Почему-то он думал, что Маруся работает по другую руку от разъезда. Он никогда еще не испытывал к ней такого чувства родности. Наверное, потому, что встреча произошла внезапно — ее не готовили ни уговор, ни тоска, ни желание, — Маруся во плоти, как и Маруся-призрак, родилась из воздуха, без всякого усилия, и сразу вошла в него. Это было новое, странное чувство. Маруся всегда была вне его, почти враждебно вне, он хотел завладеть ею, подчинить себе, а сейчас она стала частью его, но как случилось это внезапное проникновение, он не знал, да и не нужно было знать. И свою родность ей Климов видел также и на ее доверчивом и радостном лице.

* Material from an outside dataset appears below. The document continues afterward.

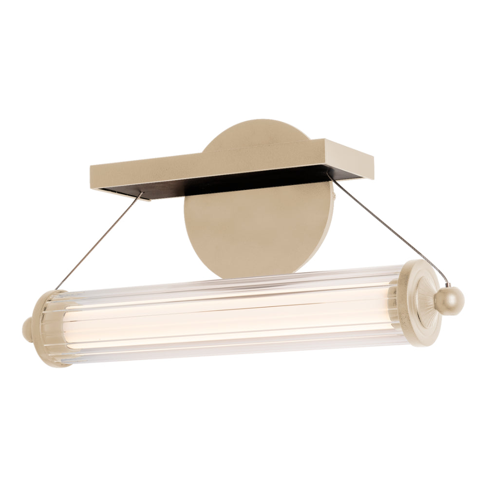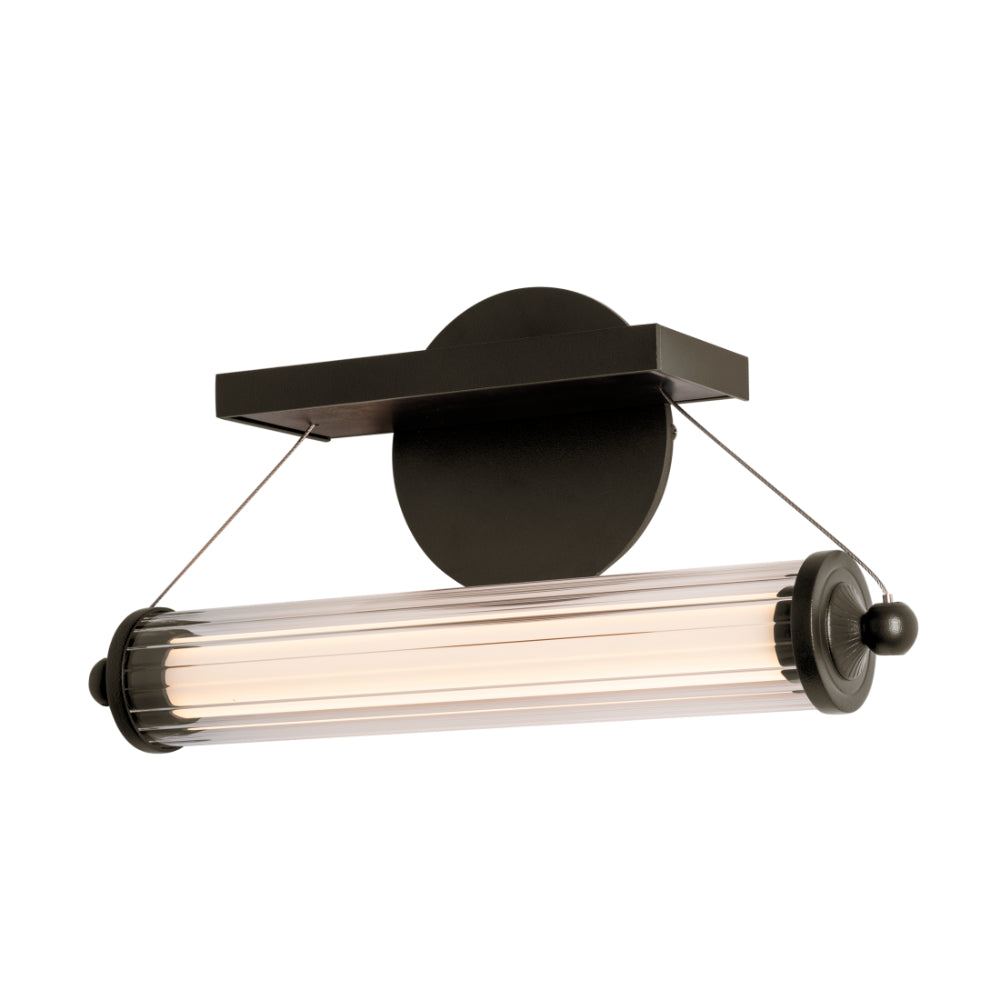 Direct wire LED wall sconce with ribbed clear glass and a stained black wood accent. Libra is height adjustable with an overall height range of 14" to 70". ADA compliant.

Его окружили ремонтницы, в большинстве ручьевские, знакомые Климову.

— Ты куда чапаешь, мёдочка? — спросила почтальонша.

— Угости папиросочкой, — попросила «седая» Ася.

У него была с собой непочатая пачка «Беломора». Женщины закурили, даже Маруся закурила, но сразу закашлялась и отдала ему папиросу. А потом женщины, как по команде, вернулись к работе, и почему-то все оказались лицом к Неболчам.

Но чтобы тихо посидеть рядом на теплом рельсе, им с Марусей не нужно было искусственное уединение. И минула эта краткая вечность.

— Я скоро буду назад, — поднимаясь, сказал Климов.

Отойдя порядочно, он крикнул громко, с каким-то яростным вызовом:

— Ну и пусть убьют, мать их!.. Все равно я жил на этом свете. Жил!..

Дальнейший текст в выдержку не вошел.